Но громко раскаркался ворон, сбил с возвышенных дум. Андрей рассеянно оглянулся назад, и была там другая голова, отделенная от тела – мертвая.
Внизу, на въезде в детинец, торчал кол. На колу зявилась черным ртом башка. У ней на темени сидел ворон, орал: карр, карр.
Башка была Петра Кучковича, казненного третьего дня. Похвалялся, собака, что всё Андреево богачество от них, Кучковичей, пошло, а допреж того был-де он, Андрей, младший сын и голодранец, в хвосте репей, ни удела не имел, ни вотчины. Донес о том лае князю Прокопий.
Конечно, брехал Петр спьяну и сдуру, можно бы и простить, все же шурин. Но потому и нельзя было простить, что шурин. Пускай люди видят: никто не смеет про государя зазорничать. Опять же никчемен сделался Петр от хмельной привычки. Приставленный к большой заботе, править княжьими конюшнями, стал небрежничать. Вот и вышла двойная польза: на конюшни теперь поставлен человек охочий, ревностный, а подданным – урок. Никто от государева гнева не обережен, даже княгинин родной брат.
Это другой закон властного искусства: государь должен быть страшен.
Страх – штука не такая простая, как дуракам кажется.

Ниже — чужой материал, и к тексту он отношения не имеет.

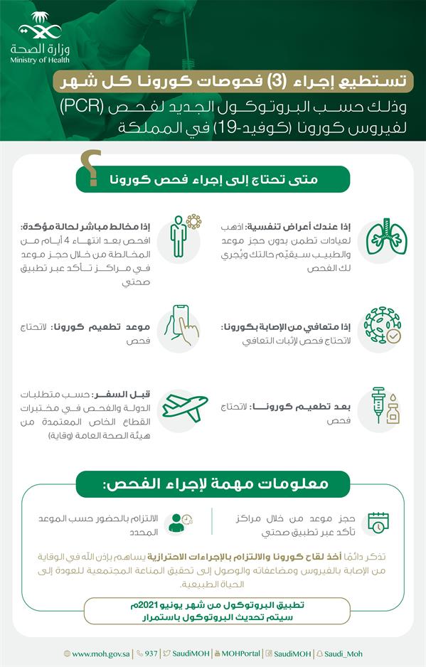 قالت وزارة الصحة إن البروتوكول الجديد لفحص (PCR) لفيروس كورونا في المملكة، يتيح إمكانية إجراء 3 فحوصات لكورونا كل شهر.

Одной свирепостью целую страну долго не удержишь. Ко всему человеки со временем привыкают – и к казням, и к крови, и к прочим ужасам. Страшнее всего владыка, от которого не знаешь, когда он помилует, а когда наградит. И который никого не пощадит, хоть родню, хоть свойню.
Потому и срублена Кучковичу голова, потому и выставлена на самом виду. Кто через ворота в детинец въехал – сразу узрел и вошел в надлежащий трепет.
Отвернулся князь от ворона, стал снова про грядущий Третий Рим мыслить.
* * *
– В Москов бы уехать, в тишину, в дальний угол, подале от постылого боголюбского златолепия, – жалобно сказала женщина, глядевшая на башню из терема, через оконный переплет. Великий князь отсюда казался истуканом вроде тех, что ставят на степных курганах, такой же каменный. – Давеча в церкви опять его христом-богом молила: отпусти дожить в родном краю, на что я тебе? Нет, говорит, ты – княгиня, должна при мне быть. Прошу его: хоть голову Петрушину из-под окна вели убрать, ведь это брат мой. Нельзя, говорит. Для того она и срублена, чтобы перед воротами, на виду быть. Останется там, пока не сгниет.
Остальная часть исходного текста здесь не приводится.